METHODS:A total of 28 athletes (17 professional, 11 semiprofessional) with chronic PT refractory to nonoperative management were prospectively included for US-guided pure PRP injections into the site of the tendinopathy. The same treating physician at a single institution performed 3 consecutive injections 1 week apart, with the same PRP preparation used. All patients underwent clinical evaluation, including the Victorian Institute of Sport Assessment-Patella (VISA-P) score, visual analog scales (VAS) for pain, and Lysholm knee scale before surgery and after return to practice sports. Tendon healing was assessed with MRI at 1 and 3 months after the procedure. 
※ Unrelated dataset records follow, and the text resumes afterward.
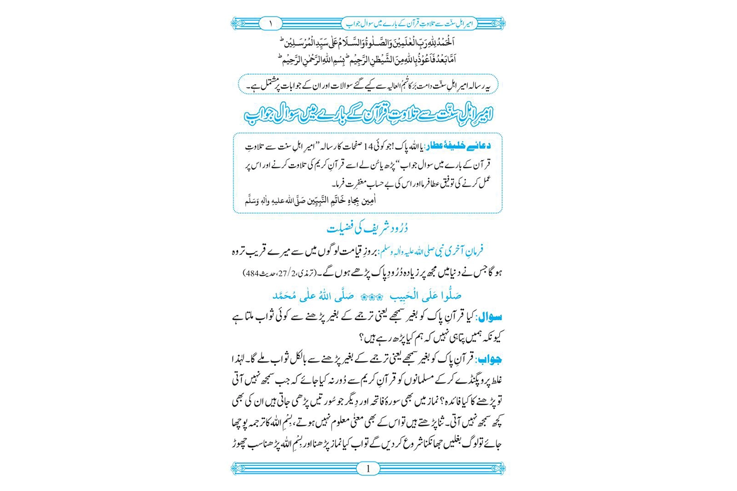 امیرِ اہلِ سنت سے تلاوت قرآن کے بارے میں سوال جواب
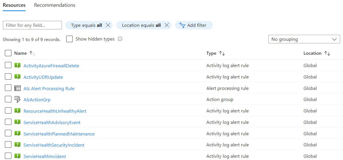 - The Activity Log rules, Alert processing rule and Action group have been created in the resource group we passed as a parameter for the policy assignment.
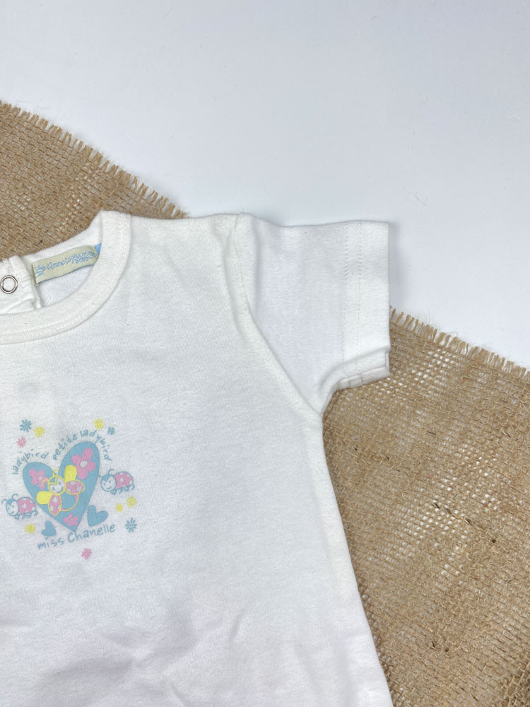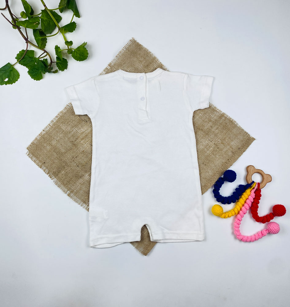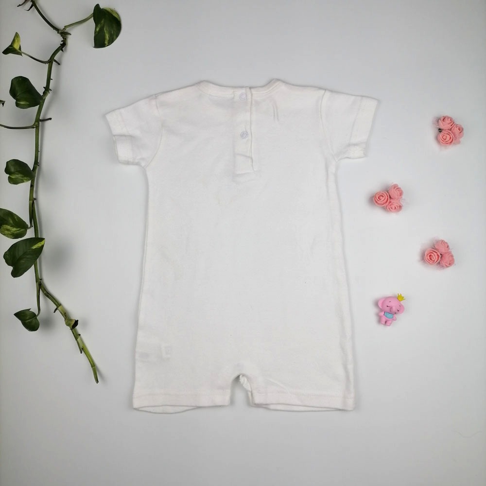 رامپر نوزادی دخترانه آستین کوتاه طرح گل و قلب سفید رنگ
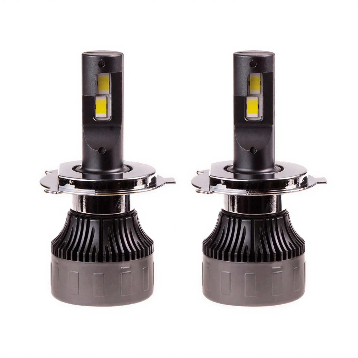 Основа ламп — чіпи CSP (Chip Scale Package), які відрізняються мінімальними габаритами при високій густині світлового потоку. Завдяки компактному розміщенню чіпів джерело світла максимально наближене до фокусної точки відбивача, що формує чітку та рівномірну світлову пляму без паразитних засвічувань і розмитих меж пучка. Конструкція лампи передбачає ефективне тепловідведення, що стабілізує роботу чіпів при тривалих навантаженнях і продовжує ресурс виробу.

RESULTS:The VISA-P, VAS, and Lysholm scores all significantly improved at the 2-year follow-up. The average preprocedure VISA-P, VAS, and Lysholm scores improved from 39 to 94 (P < .001), 7 to 0.8 (P < .0001), and 60 to 96 (P < .001), respectively, at the 2-year follow-up. Twenty-one of the 28 athletes returned to their presymptom sporting level at 3 months (range, 2-6 months) after the procedure. Follow-up MRI assessment showed improved structural integrity of the tendon at 3 months after the procedure and complete return to normal structural integrity of the tendon in 16 patients (57%). Seven patients did not recover their presymptom sporting level (among them, 6 were considered treatment failures): 3 patients returned to sport at a lesser level, 1 patient changed his sport activity (for other reasons), and 3 needed surgical intervention. 

CONCLUSION:In this study, application of 3 consecutive US-guided PRP injections significantly improved symptoms and function in athletes with chronic PT and allowed fast recovery to their presymptom sporting level. The PRP treatment permitted a return to a normal architecture of the tendon as assessed by MRI.